Clauser’s work measured the behavior of pairs of tiny photons, which were “entangled,” or acting in concert. It showed, in essence, that nature is capable of sending signals faster than the speed of light.
This phenomenon, the foundation of today’s quantum computers and other modern quantum technologies, is so weird that physicist Albert Einstein called it “spooky action at a distance.”
“Today we honor three physicists whose pioneering experiments showed us that the strange quantum world of entanglement… is not just the microworld of atoms, and certainly not a virtual world of mysticism or science fiction, but the real world we live in,” said Thors Hans Hansson of the Nobel Committee for Physics during a news conference in Stockholm.
Clauser, now retired, spends his days racing his 40-foot yacht Bodacious in San Francisco Bay, “the greatest place in the world for sailing.”
In an interview Tuesday, he told the Bay Area News Group he was thrilled by the 3 a.m. news from Stockholm and the tsunami of congratulatory calls. “It took me over an hour to get my pants on,” he joked.
Clauser, born a year after Pearl Harbor in 1942, grew up in the suburbs of Baltimore where his father had been hired to create Johns Hopkins University’s aeronautics department.
He credits his father with his love of electronic tinkering, an essential skill for future experimental discoveries.
After school, when he was supposed to be doing homework, “mostly what I would do is just sort of wander around the lab and gawk at all of the nifty laboratory equipment,” he said in an oral history recorded by the American Physics Institute.
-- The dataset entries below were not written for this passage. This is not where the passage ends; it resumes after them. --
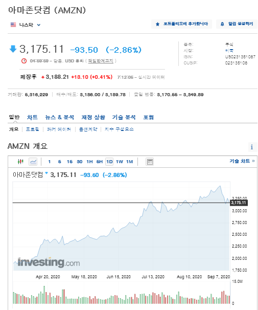 아마존 주가 추이 - 나스닥 급락 이유 (애플,테슬라,아마존 주가추이) : Free shipping on millions of items.. Dec 13, 2017 · 아마존 주가 추이. 아마존 주가 추이/자료=구글 파이낸스 고점 경신을 이어 가고 있는 미국 아마존닷컴의 주가가 내년에도 20% 추가 상승할 것이란 전망을 골드만삭스가 내놨다. 야후 파이낸스) 코로나19의 예방 효과가 90% 이상에 이른다는 화이자(pfizer inc: 아마존은 미국 170곳이 넘는 물류창고를 운영하고 있지만 자사 직원 중 코로나 확진자 현황을 공개하지 않고 있다. 아래에서 귀하는 아마존닷컴 주식에 관한 정보를 찾아 보실수 있을것입니다.이 페이지의 아래 부분에서 귀하는 실적 자료,차트,기술적 분서과 기타 다른 사항에 관하여 더욱 자세한 정보를 찾아 보실수 있을것입니다.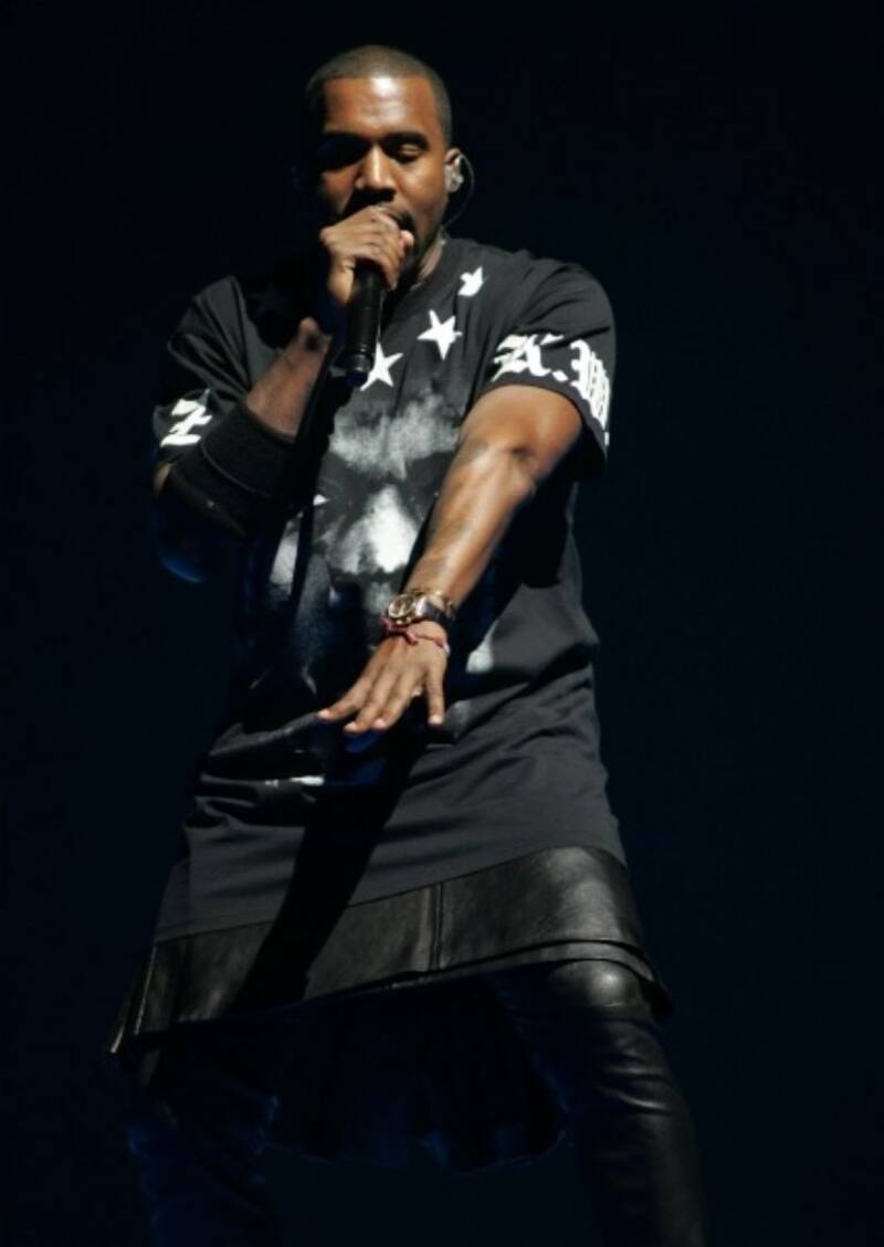 El ex esposo de Kim Kardashian lució un kilt y una sudadera de Givenchy, el mismo outfit que usó para la gira Watch The Throne. Dos años después usó esta misma tenencia para el festival South by Southwest.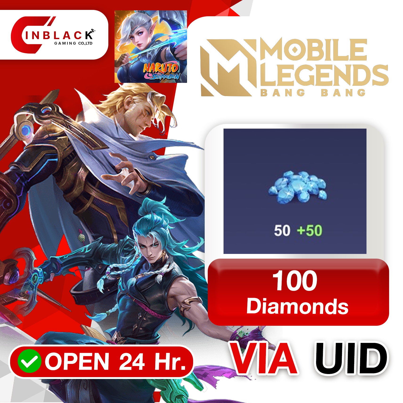Mobile Legends: Bang Bang (Philippines) - 100 Diamonds ( 50+50 First Recharge ) Top up UID By inblack Open 24 hr.

Say hello to our newest physics laureate John Clauser who took this photo just a few moments ago!
In addition to his work on quantum mechanics, Clauser is an avid sailer who has filled multiple patents to increase aerodynamic efficiency of boom-footed sails.#NobelPrize pic.twitter.com/EPG07Bsum1
— The Nobel Prize (@NobelPrize) October 4, 2022
“My dad was absolutely a marvelous teacher, my whole formative years,” he recalled. “Every time I asked a question, he knew the answer and would answer it in gory detail so that I would understand it. I mean, he didn’t force feed me, but he did it in such a way that I continuously hungered for more.”
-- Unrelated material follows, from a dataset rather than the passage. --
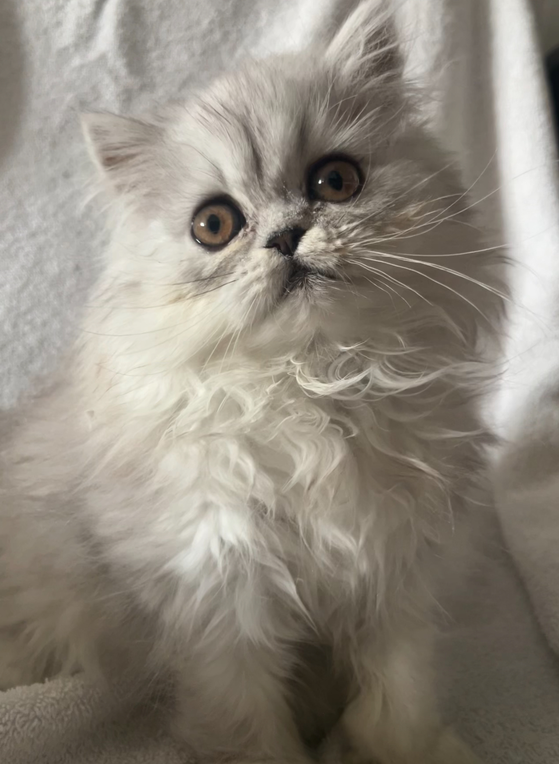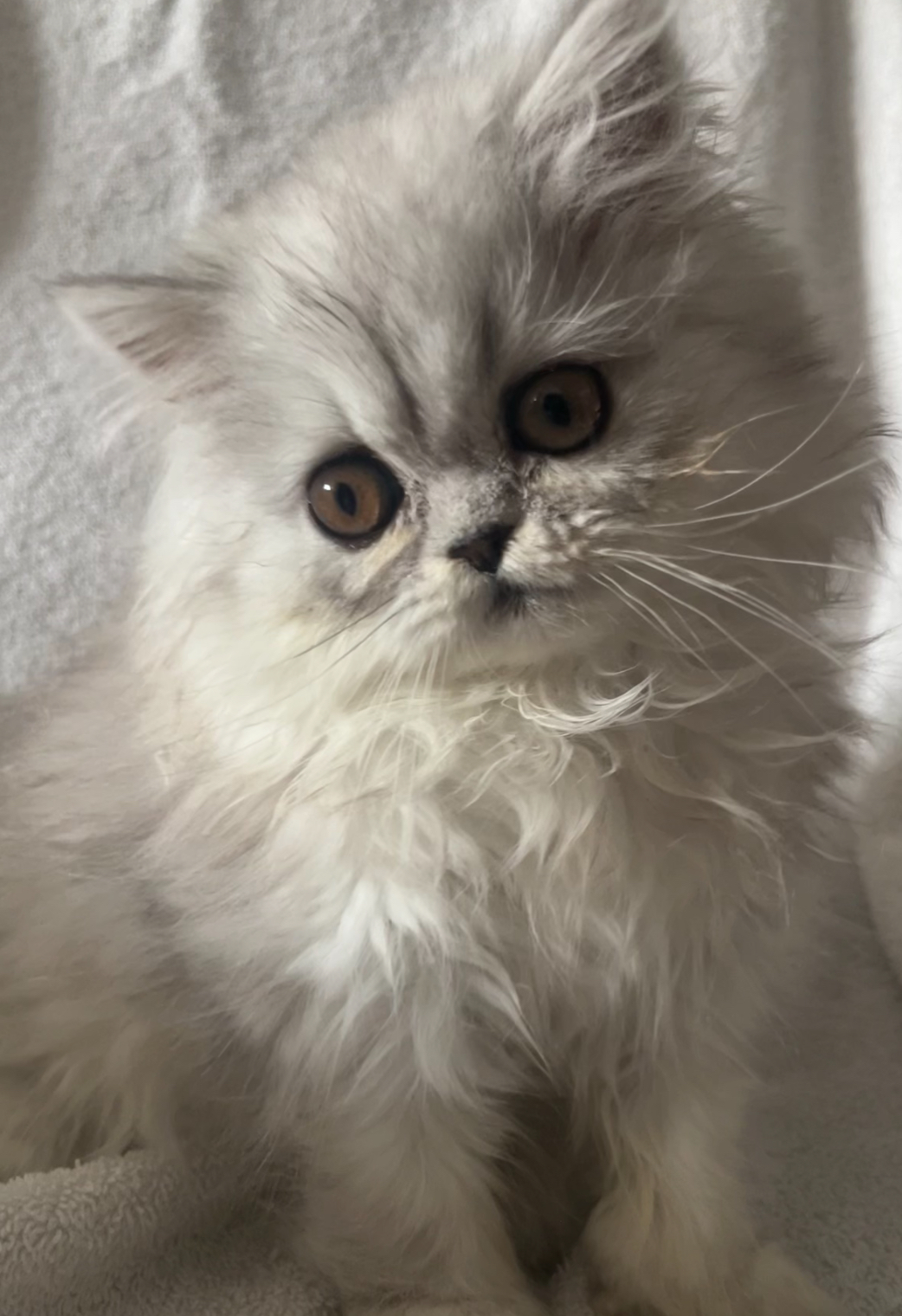Dior is the sweetest little fluffy girl with a soft silver coat and big round eyes that give her the cutest teddy bear face 🧸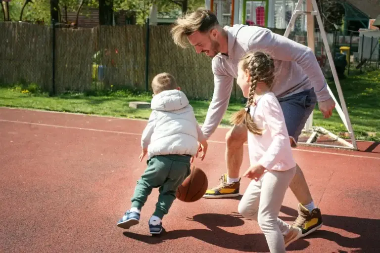 Άνδρας με αγκυλοποιητική σπονδυλαρθρίτιδα παίζει μπάσκετ με παιδιά - ευλυγισία σπονδυλικής μετά από ομοιοπαθητική θεραπεία

Clauser first came to California in the early 1960s to study physics at the California Institute of Technology, then earned his PhD at Columbia University.
The study of Advanced Quantum Mechanics – a field he would later revolutionize – initially daunted him. He didn’t understand its mathematical manipulations, and repeated the class three times before earning the requisite B grade.
“I just didn’t really believe it all. I was convinced that there were things that were wrong,” he said. “My Dad had always taught me, ‘Son, look at the data. People will have lots of fancy theories, but always go back to the original data and see if you come to the same conclusions.’ Whenever I do that, I come up with very different conclusions.”
That skepticism paved the way for his future Nobel. While working at UC Berkeley, he stumbled upon a fascinating theory by Northern Irish physicist John Stewart Bell, which explored what entanglement’s “spooky action” said about photons’ behavior and the fundamental nature of reality.
“But where’s the experimental evidence?” Clauser wondered. He knew Bell’s theorem could be tested.
He told PBS’s Nova how he rummaged around the hidden storage rooms of Lawrence Berkeley National Laboratory, scavenging for old equipment to design the experiments he needed.
“There are two kinds of people, really. Those who kind of like to use old junk and/or build it themselves from scratch. And those who go out and buy shiny new boxes,” he said. “I’ve gotten pretty good at dumpster diving.”
He faced criticism from many fellow physicists. “Everybody told me I was crazy, and I was going ruin my career” by wasting his time on such a philosophical question, he recalled.
In an experiment in the sub-basement of UC Berkeley’s Birge Hall, conducted alongside the late fundamental physicist Stuart Freedman, he measured “quantum entanglement” by firing thousands of photons in opposite directions. They showed that the photons could act in concert — despite being physically separated.
This year’s #NobelPrize laureate John Clauser built an apparatus that emitted two entangled photons at a time, each towards a filter that tested their polarisation. The result was a clear violation of a Bell inequality and agreed with the predictions of quantum mechanics. pic.twitter.com/q9WJIYMhhe
— The Nobel Prize (@NobelPrize) October 4, 2022
“The experiment…was so novel that it was completely underappreciated at the time,” said Berkeley Lab Director Mike Witherell. “It was 10 years before physicists started to realize how quantum entanglement could be exploited. That was when the next decisive experiments were done, leading to the new quantum era we are now experiencing.”
Unable to find a job as a professor, Clauser moved to Lawrence Livermore National Laboratory to do controlled fusion plasma physics experiments but later left because he refused to do classified work.
His insights are now the scientific underpinning for today’s efforts to develop quantum cryptography, a method of encryption that uses the properties of quantum mechanics to secure and transmit data in a way that cannot be hacked.
Such powerful commercial applications were inconceivable at the time, he said.
“I was totally unaware of how much money and interest there was in cryptography,” he said. “Heck, most of my computers didn’t even require passwords. The only reason I have them on now is because we have all of the ones in the house all networked, and you can’t put it on a network without putting passwords on them. “